By far the most extreme gaming and simulation platform we’ve seen, the Nova places you in a fully untethered ball that’s free to spin in any direction, creating all sorts of wild gravity effects for total immersion in a range of different vehicle types.
It’s the work of New Zealand startup Eight360, which has risen from true garage status to produce what Founder/CEO Terry Miller calls, “the crazy spinning ball of death.” Terry spoke to us from a birthing center in Wellington just one day after the birth of his first child. “She came before the midwife even turned up,” he told me, “so we had an accidental home birth on the bathroom floor. Surprisingly quick, just fell out.”

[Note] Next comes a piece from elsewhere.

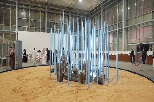 ولفتت تفاصيل المجسم الذي استقبل زوار البوابة الثالثة لمعرض العطور انتباههم، حيث يصوّر المجسم مشهد احتراق العود الأزرق أحد أفضل وأرقى أنواع العود لدى العرب، ويعكس التصميم صورة الدخان الذي ينتج عند احتراق خشب العود الأزرق، ويمثّل المجسم أيقونة الدخول إلى أجنحة العطور الشرقية ذات روائح البخور والعود.

Infused with the manic energy of both sleepless new father and sleepless startup founder, Miller explained how the idea started out as a “weekend hobby beer project” at the Wellington Makerspace, to perhaps build a helicopter hover training rig – including VR was merely an excuse to buy headsets. The initial “super janky” prototype was blacked out, totally dark inside and ran off a car battery. “It actually worked surprisingly well,” says Miller, “until some metal shavings got in the computer and blew it up, while someone was inside it. It’s OK, it was one of us. A founder, that’s fine. But it was actually really cool, and we thought we could make this better.”
The team raised enough cash to move into a half-office in a condemned building. “It was a leaky garage, half full of cars and half full of us,” Miller says. “Water pissed in and pooled on the floor when it rained, and it was up a dodgy ramp, so we couldn’t get these big balls in and out without some difficulty. But it was cheap!”